Hanson was leading his team, the Class A Palm Beach Cardinals, in RBIs and had just been chosen to his second-straight all-star team. But then the worst thing could have happened, happened — Hanson broke his leg after colliding with a fielder just short of second base.

“It was such a freak play,” Hanson said. “I was on first going to second and I was out, so I pulled up instead of sliding into the bag and the next thing I know, the shortstop and I are all tangled up.

“I’ve never had an injury like this before,” Hanson said. “I would always just go out there and play. I guess I went out with a bang.”

When the pair were separated, Hanson had dislocated his ankle and broke his fibula. His meteoric rise through the minor leagues was temporarily halted.
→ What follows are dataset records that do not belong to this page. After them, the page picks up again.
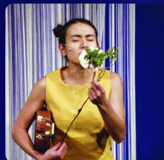
► Voir la bande-annonce

« Derrière cette magie théâtrale, poétique et enivrante se cache donc un vrai message de tolérance »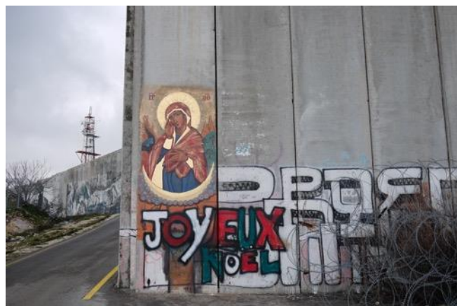
« Notre Dame qui fait une brèche dans le mur ». Icône sur le mur entourant Bethléem

impressions et réflexions sur cette semaine de prière pour l'unité.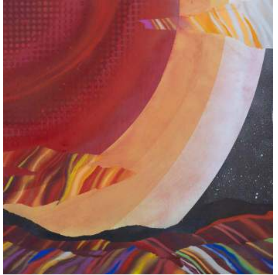
Landscape1-Landscape2. 100 x 100 cm. Spray i paper sobre fusta.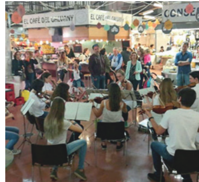
Concert al Mercat Galvany

Les imatges següents són una mostra d'aquestes activitats.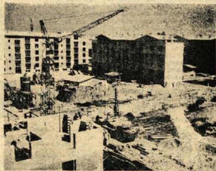
Stanovanjska gradnja v Kranju dobro napreduje.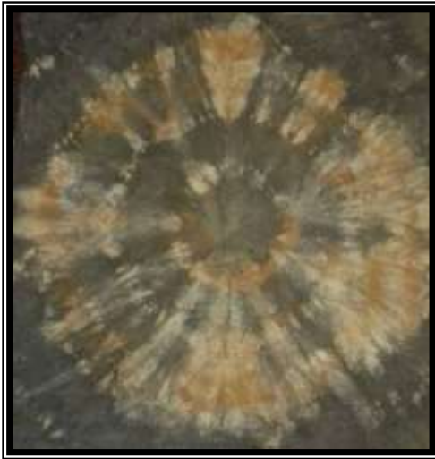
صورة رقم (٤)

تسمح للمنسوج بامتصاص اللون وتثبيتته. ثم يترك الزى ليجف . كما استخدم قشر الرومان المجفف في عملية الصباغة وتكسيهه بأحجام مختلفة ونثره على الثوب قبل طيه وعقده ، ودفن الثوب المراد زخرفته بالعقد والربط في الطينة السوداء ، لمدة ٢٤ ساعة وهذه الطينة لها مواصفات خاصة للحصول على لون اسود شديد السواد ، فكان يستخدم العيون الرومانية في عملية التصبيغ . وقد حصل على العديد من النتائج الغير متوقعة في هذه التقنية نتيجة تعدد الأحجام والأشكال لقطع الرومان المكسرة ، وصباغته على حسب كمية قشر الرومان الموضوعة على الزى ، واختلاف طرق العقد المستخدمة للمنسوج قبل صباغته ، كذلك أيضا اختلاف درجات صباغة المنسوج بقشر الرومان الفاتح والقاتم داخل الثوب المربوط ، وتعرض الطينة المباشر الذي يلامس الاجزاء المكشوفة للمنسوج باللون الاسود ، مما ينتج عنه اختلاف الدرجات اللونية للون الواحد والحصول على تأثيرات لونية مختلفة لدرجات اللون الواحد بالقطعة المصبوغة والعديد من الأشكال العشوائية المختلفة. شكل (٣) وشكل (٤).

Hanson seemed to be on the verge of yet another quick promotion this summer. He was carrying a .259 average with 39 RBI, 11 doubles and two homers just 57 games into the 2004 season. He had made the change the organization had wanted him to make, shifting to second base from his all-too-familiar third base in order to get him to the big club sooner.
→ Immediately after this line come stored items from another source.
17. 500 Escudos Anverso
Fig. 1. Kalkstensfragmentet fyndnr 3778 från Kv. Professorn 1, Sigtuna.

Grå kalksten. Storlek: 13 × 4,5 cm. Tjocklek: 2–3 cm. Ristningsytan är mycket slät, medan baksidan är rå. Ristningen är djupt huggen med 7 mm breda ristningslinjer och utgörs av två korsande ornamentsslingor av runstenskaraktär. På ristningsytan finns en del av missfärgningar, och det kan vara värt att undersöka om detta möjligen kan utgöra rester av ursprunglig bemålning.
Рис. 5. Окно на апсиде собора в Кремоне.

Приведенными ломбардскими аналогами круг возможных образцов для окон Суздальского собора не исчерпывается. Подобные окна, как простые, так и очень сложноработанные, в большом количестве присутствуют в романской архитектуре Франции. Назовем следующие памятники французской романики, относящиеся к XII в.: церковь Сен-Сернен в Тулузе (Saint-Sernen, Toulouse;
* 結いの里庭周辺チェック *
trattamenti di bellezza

“(The organization) knows I can play third, but they said I was a good enough athlete to play second,” Hanson said. “They liked my bat enough that they wanted me to continue playing for them instead of using me as trade bait.”

And he had begun to hear the talk about moving up to Class AA Tennessee. Hanson played a year of Class A ball in Peoria, Ill., last year before moving to Palm Beach.
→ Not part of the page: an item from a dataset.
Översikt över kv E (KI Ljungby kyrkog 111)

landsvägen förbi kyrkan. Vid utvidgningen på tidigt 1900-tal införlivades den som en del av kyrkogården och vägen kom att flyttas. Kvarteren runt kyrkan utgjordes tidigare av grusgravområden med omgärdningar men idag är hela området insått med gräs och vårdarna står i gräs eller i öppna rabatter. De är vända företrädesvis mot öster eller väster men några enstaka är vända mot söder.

“I don’t let it boil over in my mind,” Hanson said. “I expect I’ll be in Tennessee sometime next year. That’s a good thing to know going into the offseason. I’ll be in a better frame of mind.”

Hanson, who played three years at the University of Portland after graduating from SK, just had screws removed from his ankle Aug. 6. Since he broke it, Hanson has been limited by a full-leg cast and now a walking boot.

“I couldn’t do anything until about three weeks ago,” Hanson said. “It sucks to even get up and cook food, so I’ve lost some weight.”

His rehabilitation has his full attention now, concentrating more on the future than watching the present. He has attended a few game since the injury but not many.

“I can’t watch too much, it really just bums me out,” Hanson said. “It just eats at me that I can’t be out there helping the team.”

The Cardinals could have used some help at the end of the first half.

When Hanson went down, PB was leading its division by three and half games. The Cardinals ended by losing eight of its last 10 games and blew the division title.

“That pissed me off,” Hanson said. “I wished I could have been there to help out.”

Through Aug. 11, Palm Beach was 26-20 in the second half, two and a half games behind Vero Beach. And his replacement, Mike McCoy, is hitting .293 with two home runs and 17 RBI in 41 games.

“I played with him in Peoria,” Hanson said. “He’s a good guy.”

With his team safely in contention, Hanson has turned to getting himself ready for next season. The first order of business was learning how to walk again.

“I’ve been in the pool some, working on my range of motion,” Hanson said. “One thing is the rehab will make my leg stronger than it’s ever been. If anything, I’m getting more strength out of this, that’s the way I look at it.”

Hanson said he will start slowly, just walking short distances for the next couple of weeks. He said the break is a 4-5 month injury, meaning he won’t really begin any rehab until October.

“I just have to work my way up to it,” Hanson said. “I’ve only missed three games in my entire pro career so this is kind of new to me.”

After a month or two of light running, Hanson said he will hit the weights hard all the way through February, which won’t be very different from his normal offseason.

“Last year I ran from November to March,” Hanson said. “I was in the best shape I’ve ever been in. I lost a lot of body fat and gained a lot of muscle.”

Hanson has been staying in Palm Beach but may go home to Portland soon to begin rehabbing. He said he will stay away from baseball-type workouts until November when he will throw a little and start hitting balls off a tee in his garage.

“Mainly, I just think about all the good stuff,” Hanson said. “I’m trying to keep in the right frame of mind and not let it get to me. Mentally, I’m not doing too bad. I think I’ll be that way all the way through.”